The OPC DA protocol provides only for the transfer of raw data values rather than the alarm events. As a result, WIN-911 manages its own instances of alarm conditions and alarm acknowledgments (in addition to any alarm instances that may exist in your SCADA). There are no standardized means of communicating to the SCADA over OPC DA that an alarm has been acknowledged in WIN-911 or vice-versa. In an effort to facilitate just that sort of interaction, WIN-911 has implemented a Group Poke feature. Combined with server-side scripting, alarm states can be synchronized between WIN-911 and your server.
WIN-911 > SCADA
WIN-911 organizes alarms by Group. Each alarm must belong to one and only one Group. As the name implies, the Group Poke occurs on a Group level. The basic idea behind the Group Poke is that when an alarm in a particular Group is acknowledged, a string is written to the HMI server indicating that one of the alarms in that Group has been acknowledged. If you wish to use that information to acknowledge alarms in your HMI, you will need to write a script that listens for that text and acknowledges all alarms that belong to that group. The text GROUP ACKED is used by default.
SCADA > WIN-911
As mentioned previously, the Group Poke is also capable of acknowledging alarms in WIN-911. Whenever WIN-911 reads a string value containing Ack (case-sensitive) from the Group Poke field, WIN-911 will acknowledge all alarms in the group. If you wish to synchronize alarm acknowledgments between your HMI and WIN-911, you will need to write scripts that write the text Ack when an alarm is acknowledged in your server.

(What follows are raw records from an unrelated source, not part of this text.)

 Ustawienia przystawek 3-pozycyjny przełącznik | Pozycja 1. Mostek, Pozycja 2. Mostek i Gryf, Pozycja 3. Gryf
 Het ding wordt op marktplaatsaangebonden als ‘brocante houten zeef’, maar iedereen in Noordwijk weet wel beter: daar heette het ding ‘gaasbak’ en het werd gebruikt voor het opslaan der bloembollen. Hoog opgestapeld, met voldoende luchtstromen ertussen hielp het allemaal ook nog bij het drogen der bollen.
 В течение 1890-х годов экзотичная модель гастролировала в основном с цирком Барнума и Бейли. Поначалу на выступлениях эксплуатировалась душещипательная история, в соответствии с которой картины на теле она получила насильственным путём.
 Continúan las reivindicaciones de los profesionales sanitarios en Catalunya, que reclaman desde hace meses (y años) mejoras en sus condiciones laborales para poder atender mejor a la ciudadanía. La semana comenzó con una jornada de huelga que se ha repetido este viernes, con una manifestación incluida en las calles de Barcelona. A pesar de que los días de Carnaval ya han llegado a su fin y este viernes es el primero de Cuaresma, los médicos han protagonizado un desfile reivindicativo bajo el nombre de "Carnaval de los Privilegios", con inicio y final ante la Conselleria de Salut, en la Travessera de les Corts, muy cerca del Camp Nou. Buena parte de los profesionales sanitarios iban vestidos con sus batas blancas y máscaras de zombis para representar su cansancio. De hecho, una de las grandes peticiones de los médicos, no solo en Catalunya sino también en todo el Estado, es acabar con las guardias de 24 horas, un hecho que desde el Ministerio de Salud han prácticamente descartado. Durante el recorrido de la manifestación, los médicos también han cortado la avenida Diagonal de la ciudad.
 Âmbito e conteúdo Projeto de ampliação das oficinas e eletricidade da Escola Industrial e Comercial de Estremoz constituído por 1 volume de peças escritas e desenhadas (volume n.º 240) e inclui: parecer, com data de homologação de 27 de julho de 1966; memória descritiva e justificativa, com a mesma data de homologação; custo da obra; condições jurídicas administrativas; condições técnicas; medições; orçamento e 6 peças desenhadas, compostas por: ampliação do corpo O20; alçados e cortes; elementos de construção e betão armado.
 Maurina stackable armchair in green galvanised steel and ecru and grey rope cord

It is recommended that the text Ack is written when an acknowledge button is pushed in your server, rather than when an alarm is acknowledged, otherwise it is likely that your server and WIN-911 will continuously write Ack and GROUP ACKED to the same field while repeatedly acknowledging the same set of alarms.
Other Considerations
WIN-911 will also use the Group Poke feature to indicate when it detects an alarm by writing the name of the alarm, as well as some other information, to the Group Poke field. The format used is defined on the Format tab of Data Poke definition dialog. This write may interfere with scripts designed to check the field value periodically; where possible, the scripting should consider all changes to the field.

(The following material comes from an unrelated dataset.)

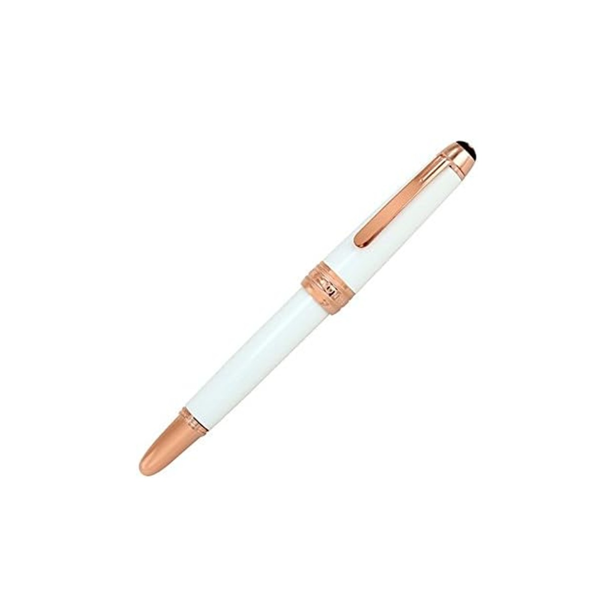 Le clip, l’anneau et le cône de maintien du stylo sont en métal plaqué or rose. Des motifs de montagne y sont délicatement gravés sur la section. Ce stylo est l’une des versions les plus remarquables de la marque Montblanc. Fabriqué en Allemagne, il est doté d’un mécanisme d’ouverture du capuchon vissé.

The Group Poke requires you to create a writable string tag on your OPC or DDE server for each alarm group that requires Group Poke functionality. The tag must be configured within WIN-911 as well. Specify the OPC item name or DDE tag in the Group dialog on the Group Poke tab.
WIN-911 2021 R6 has an acknowledgement sync feature that lets you sync to an ack bit per alarm. If you wanted this behave more like the Group Poke feature, you could use the same opc tag for each alarm.
-WIN-911 Team
To comment further, we are having more and more WinCC installations. Using the OPC connection is the only path for connection, however, not having a poke that Acknowledges the SCADA alarm is giving us grief for the PLC generated backup autodialer call if there is an alarm that hasn't been acknowledged for an hour. If the operator doesn't remote in or arrive on-site they get another call out.
Another V7 standard feature that is missing.
@Steven We need this!
The Group Poke allows you to acknowledge large groups of alarm and takes less time to setup, so it is preferred. The individual tag acknowledgements would be nice to have as an option. So both would be my answer, however if you can only do one then the group poke wins out.
Hello John,
Thank you for the feature submission. Would you prefer if we added support for acknowledgements on individual tags or keep the Group Poke functionality, as-is?